Wenn die deutsche Armee Erfolge erzielt (und sie wird große Erfolge erzielen), wird die Regierung der Vereinigten Staaten eine Entscheidung treffen müssen… Die Vereinigten Staaten werden in den Krieg eingreifen . (Trotzki, Interview mit dem „Post Dispatch“, 14. Februar 1940).

Trotz Roosevelts Versprechungen traten die USA in den Krieg ein und besiegten ihre beiden Rivalen, weil Deutschland den Kampf an zwei Fronten führte und die UdSSR ihm trotz Stalins Unvorbereitetheit widerstand.

In noch bedeutenderem Maßstab hat die Verantwortung für die kapitalistische Weltordnung nach dem 2. Weltkrieg die Macht der USA vergrößert und sie gleichzeitig untergraben. Um die revolutionäre Welle, die 1943 in Italien begann, einzudämmen, waren die USA gezwungen, den zerrütteten bürgerlichen Staaten in Europa, Japan und Südkorea beim Wiederaufbau zu helfen und so Märkte für ihre Produkte zu öffnen, aber auch Konkurrenten aufzubauen.

Sie trugen die Hauptlast des Wettrüstens, um endlich mit dem degenerierten Arbeiter*innenstaat UdSSR fertig zu werden. Doch die Wiedereinführung des Kapitalismus in Russland wie auch in China 1992 führte nicht dazu, dass diese Länder zu neuen Kolonien wurden, sondern zu neuen Imperialismen.

Bereits 1971 hatte Nixon der Verantwortung der USA für die Weltordnung einen schweren Schlag versetzt, als er die Konvertibilität des Dollars in Gold, den Dreh- und Angelpunkt des Bretton-Woods-Abkommens, aufhob und damals erklärte, die USA könnten nicht länger mit „einer auf dem Rücken gefesselten Hand“ kämpfen.

Die USA sind nach wie vor die größte imperialistische Macht. Ihr Militärhaushalt 2026 beläuft sich auf 901 Milliarden US-Dollar und Trump verspricht, ihn bis 2027 auf 1,5 Billionen US-Dollar zu erhöhen! Allein die Militärausgaben der USA im Jahr 2024 entsprachen der Summe der Militärausgaben der neun anderen größten Militärmächte (China, Russland, Deutschland, Indien, Großbritannien, Saudi-Arabien, Ukraine, Frankreich und Japan).

Ihr wirtschaftliches Gewicht in der Welt nimmt jedoch ab. Im Jahr 1945 repräsentierten sie 50 % des weltweiten BIP, im Jahr 2000 30 % und heute 25 %. Mit einem BIP von 29,185 Billionen US-Dollar im Jahr 2024 stehen die USA China mit einem BIP von 19,160 Billionen US-Dollar im Jahr 2024 gegenüber, der zweitgrößten Macht der Welt, die offen ihre Ambitionen kundtut, sie bis zum Jahrestag der Gründung der Volksrepublik 2049 zu verdrängen. Im Jahr 2025 wies China trotz des Zollkriegs einen weltweiten Rekordhandelsüberschuss von 1,2 Billionen Euro auf. Im Gegensatz zu den Behauptungen vieler kleinbürgerlicher Theoretiker, die in Le Monde diplomatique ihr Unwesen trieben, sind die USA nicht zu einem „Imperium“ geworden, das den ganzen Planeten beherrscht.

Das amerikanische Imperium ist das einzige auf der Welt, es ist eine exklusive Hegemonie, und es ist das erste Mal, dass dieses seltsame Phänomen in der Geschichte der Menschheit auftritt. (de La Gorce, Le Dernier Empire, Grasset, 1996)

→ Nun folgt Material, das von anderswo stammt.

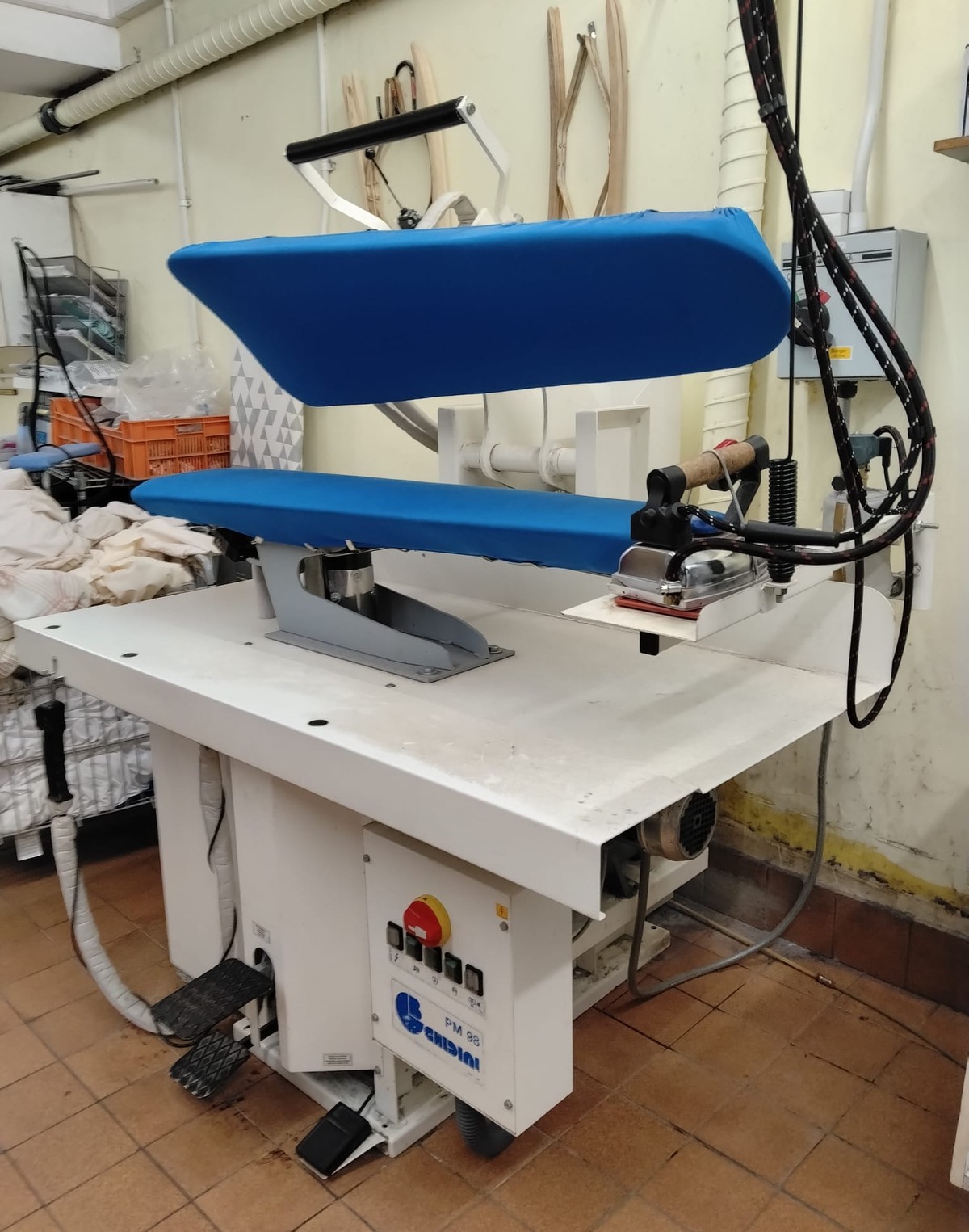 Ghidini pm98 steam press.3 phase electrics with suction and built in boiler including iron and steam gun.

Grundsätzlich ist die nun offen zur Schau gestellte Aggressivität des US-Imperialismus gegenüber dem Rest der Welt nicht nur auf die Spinnereien eines verwirrten Geistes zurückzuführen, sondern auf die tiefen Widersprüche, die ihn bedrängen, und zu denen in erster Linie der Kampf gegen den chinesischen Imperialismus gehört. Dass Trump an die Macht kam, war weder ein Zufall noch ein Unfall der Geschichte. Der ehemalige Moderator einer „Reality-Show“ bringt vielmehr auf verworrene und empirische Weise zum Ausdruck, dass der untergehende Imperialismus unbedingt gegen alle seine Rivalen in die Offensive gehen muss.

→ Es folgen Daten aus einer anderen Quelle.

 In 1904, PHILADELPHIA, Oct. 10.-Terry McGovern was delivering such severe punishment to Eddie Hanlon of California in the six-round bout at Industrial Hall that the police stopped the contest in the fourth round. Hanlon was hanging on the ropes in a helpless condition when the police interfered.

Das bedeutet, dass die Demokratische Partei, selbst wenn sie wieder die Führung übernimmt, mehr oder weniger die gleiche internationale strategische Linie wie die Republikanische Partei verfolgen wird, wenn auch mit einem anderen Stil.

Die Vereinigten Staaten können nicht zulassen, dass irgendeine Nation so dominant wird, dass sie unsere Interessen bedrohen könnte. Wir werden mit Verbündeten und Partnern zusammenarbeiten, um globale und regionale Machtgleichgewichte aufrechtzuerhalten und die Entstehung dominanter Gegner zu verhindern.(NSS, 5. Dezember)

Stärkung der amerikanischen Dominanz über die „westliche Hemisphäre“.

Für den US-Imperialismus teilt sich die Geografie der Welt in die „westliche Hemisphäre“, deren Grenzen recht vage sind, die aber zumindest ganz Nordamerika, ganz Südamerika, die Karibik und wahrscheinlich auch Grönland umfasst, und die östliche Hemisphäre, die den Rest der Welt umfasst.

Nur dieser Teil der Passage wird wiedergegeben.